Op een warme aprildag en een verkeerd uur - het loopt tegen de middag - ondernemen H. en ik de klim vanuit de haven van Portoferraio naar het Palazzina dei Mulini, een verbleekt zalmkleurig gebouw vanwaaruit de Corsicaan als vorst of koning van Elba van 4 mei 1814 tot 26 februari 1815 zijn miniatuurrijk regeerde. Het paleisje ligt op een rug tussen de forten Del Falcone en Della Stella, waarvan de muren steil naar zee dalen. Mulini hurkt als het ware tegen het laatste fort aan. Tot 1808 stonden hier nog twee windmolens; daaraan dankt het huis zijn naam.

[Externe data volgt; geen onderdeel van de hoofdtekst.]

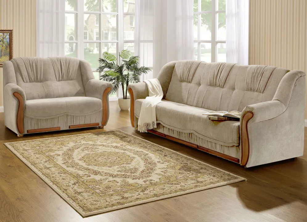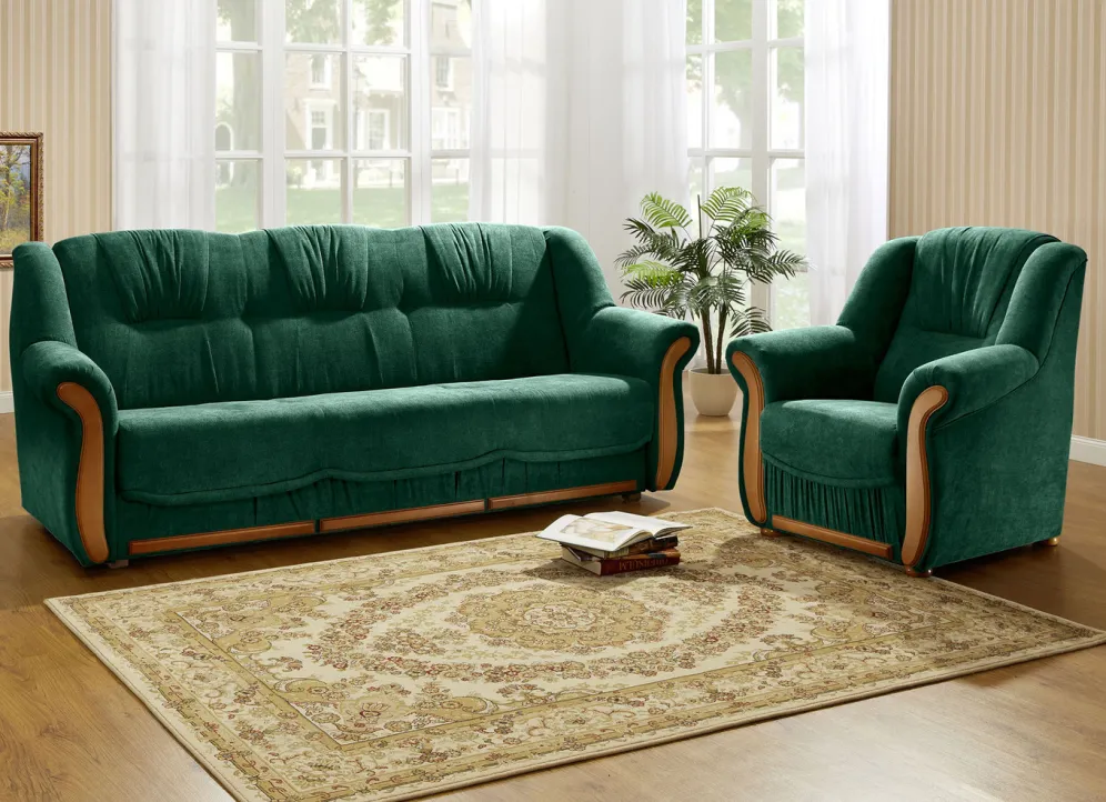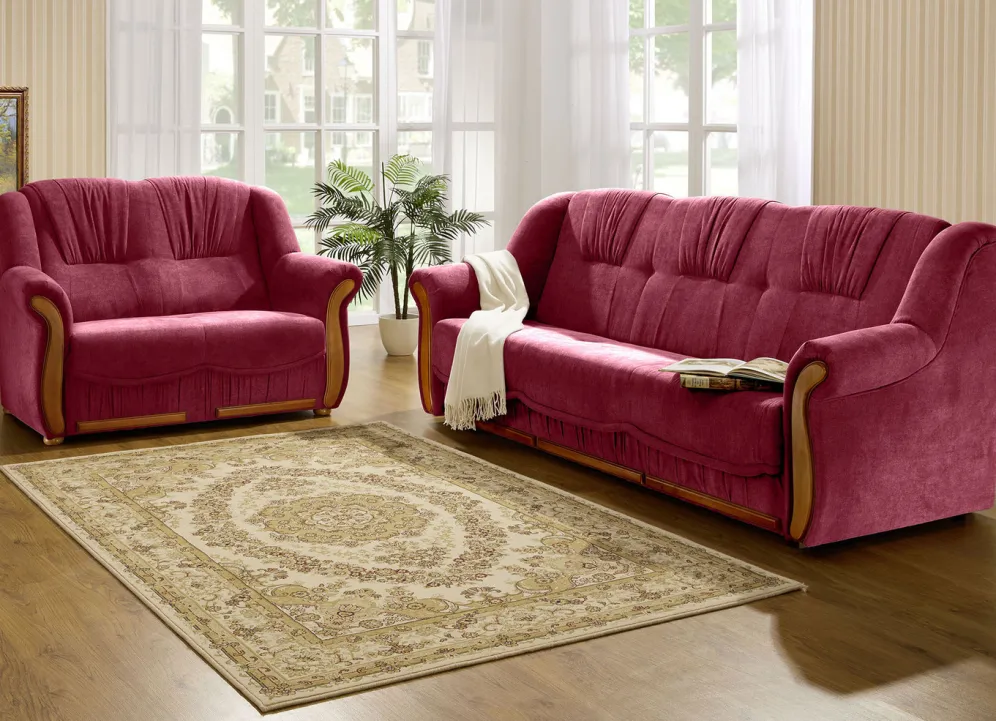 Sehr gemütliche Polstermöbel zum Entspannen und Wohlfühlen! Auf stabilem Holzgrundgestell, mit hochwertigem Bonellfederkern und Komfortschaum-Polsterung gearbeitet sowie mit angenehmem Stoffbezug (100% Polyester) versehen.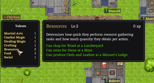 Talents have been added to introduce variations in Villager capabilities. One Villager may have a high Talent level in Combat Arts, unlocking higher tier combat classes and providing it with combat-related stat buffs. Another Villager may have a high Talent level in Resources, which may expand the type of Resources it can gather.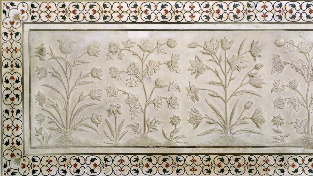 Тадж-Махал. Декорация стены: резьба по мрамору, инкрустация. Август 2012 г. Автор фото: : Yann Forget. Лицензия: Creative Commons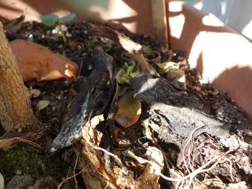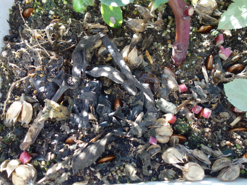 2ヶ月後には黒くなっています。隣りには枯れてしまったサラダ菜の葉っぱも置いていました。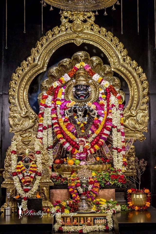 Hiranyakashipu, a demon controlling the three world, was extremely proud and he hated Lord Vishnu. But little Prahlada, his five year old son, was a great devotee of Lord Vishnu. Therefore, Hiranyakashipu tried to kill Prahlada in several ways; but failed in all his attempts because of the protection given by Lord to his dear devotee. Finally when Hiranyakashipu asked his little son where the Lord resides, Prahlada replied that the Lord resides everywhere. Mocking this response, Hiranyakashipu broke a pillar in his palace, and the Lord appeared from that pillar in his half man-half lion incarnation – Narasimha. Lord Narsimhadev is therefore worshipped by the devotees as their Supreme protector and they also pray that He vanquishes all obstacles they may face on the path of devotional service. So it is with much enthusiasm that the devotees come to together to worship the Lord on this day of His appearance in the material world.

Op de obligaat pittoreske maar zweetdrijvende straten omhoog ontmoeten we een afdalend groepje. Ongetwijfeld pelgrims die zich al aan het als museum uitgebate heiligdom hebben gelaafd. Ze spreken immers Frans. ‘We lopen goed,’ zeg ik dus tegen H. Niet veel later bereiken we het bescheiden, rechthoekige plein waaraan het paleis is gelegen: eigenlijk meer een met grote tegels belegd terras. Het paleis ontpopt zich als een villa van twee verdiepingen; een evenwichtige constructie, bestaand uit een hoofdgebouw, twee vleugels met wat aanbouwsels en een ommuurde tuin. Vóór het paleisje strekt zich een rechthoekje van dor gras uit, doorsneden met enkele paadjes en met enkele in vorm geknipte en alweer uitgegroeide buxus-achtige struiken erop. Het keizerlijke bleekveld?

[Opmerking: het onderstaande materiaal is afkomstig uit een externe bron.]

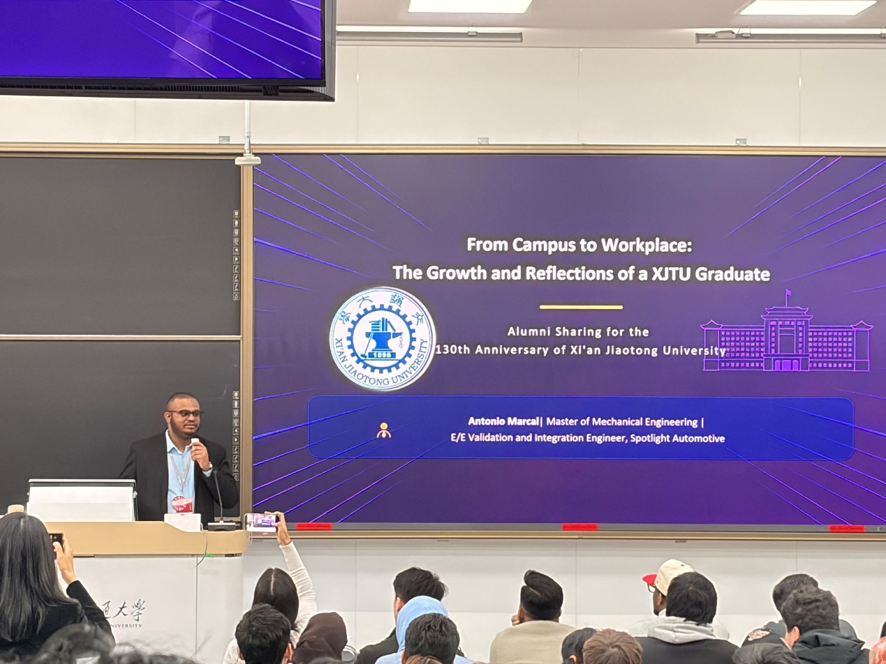 四位校友的分享内容翔实、情感真挚,赢得了在场师生的阵阵掌声。他们虽然来自不同国家、从事不同行业,但都深情回顾了在西安交通大学求学的美好时光,一致认为母校严谨的学风、开放包容的国际化氛围以及师长们的悉心指导,为他们日后的职业发展奠定了坚实基础。

Hoog tegen de verkleurde voorgevel van het paleisje is blijkens het inschrift op 5 mei 1921, 107 jaar na de aanvang van Napoleons regering alhier, een marmeren gedenkplaat bevestigd. Ze is inmiddels verweerd, de verf in de ingehakte letters vervaagd of uitgelopen. Ik ben het Italiaans niet machtig, maar destilleer door toepassing van het analogiebeginsel onder andere dat Napoleon een verdeeld Elba verenigde, en als een soort voorbode gold van de Italiaanse eenheid die zo'n halve eeuw later tot stand kwam. Niet voor niets is en was de Vorst van Elba populair bij zijn onderdanen en de nakomelingen daarvan. Zoals in de genegenheid tot elke overheid was het eigenbelang ook in de Elbaanse aanhankelijkheid flink vertegenwoordigd. Beneden in de stad zijn genoeg blijken te zien van die verknoping van baatzucht en insulaire trots. Uit vele etalages staart de beeltenis van Napoleon, gekonterfeit in uiteenlopend materiaal, je aan. Dat is natuurlijk niets nieuws. Al tijdens en snel na zijn regime was 's keizers beeld te vinden op ontelbare wanden, serviezen, tabakspijpen, messen, lepels, vorken en zuurprikkers. Vooral vallen in Portoferraio de in ivoor, kunsthars en gips uitgevoerde ruiterbeeldjes op, gemodelleerd naar Jacques-Louis Davids uit 1800 daterende, beroemde ruiterstuk van Napoleon als hij op het punt staat als veldheer de Grote Stint-Bernhardpas over te trekken - naar Italië. Zoals vóór hem Hannibal en Karel de Grote; David verzuimde niet die namen in zijn tableau als rotsinscripties op te nemen. Alle geheven veldheersarmen in de etalages van Portoferraio wijzen dus naar Italië. Want Napoleon kwam van Corsica, en was toch een soort Italiaan; in elk geval een man uit de buurt, een man van een eiland.
| |
2
Er is een verslag beschikbaar van een andere bezoeker uit Nederland: Peter van Zonneveld, die het ballingsoord annex residentie annex museum van Portoferraio in de late jaren zeventig bezocht (Behouden huizen in literatuur, wetenschap en kunst, 1989). Bij zijn eerste bezoek aan het paleisje, op een avond, trof Van Zonneveld het gebouw gesloten aan. Door een venster zag hij de bi- | |
| |
bliotheek. Van buitenaf ontwaarde hij vele jaargangen van Le Moniteur, de krant die het semi-officiële orgaan was tijdens het regime van Bonaparte, maar die sinds Napoleons abdicatie in het voorjaar van 1814 uiteraard uit een heel ander vaatje tapte. Eens regeringsorgaan, altijd regeringsorgaan. Ik ben jaloers op Van Zonnevelds speurderskwaliteiten. Bij ons bezoek in 1992 staat de kast met de gebonden jaargangen in elk geval op een plaats die vrijwel onmogelijk door een venster kan worden gezien, laat staan 's avonds. En werden omstreeks 1979 de spleetluiken, waarvan ook hier elk venster is voorzien, 's avonds niet gesloten?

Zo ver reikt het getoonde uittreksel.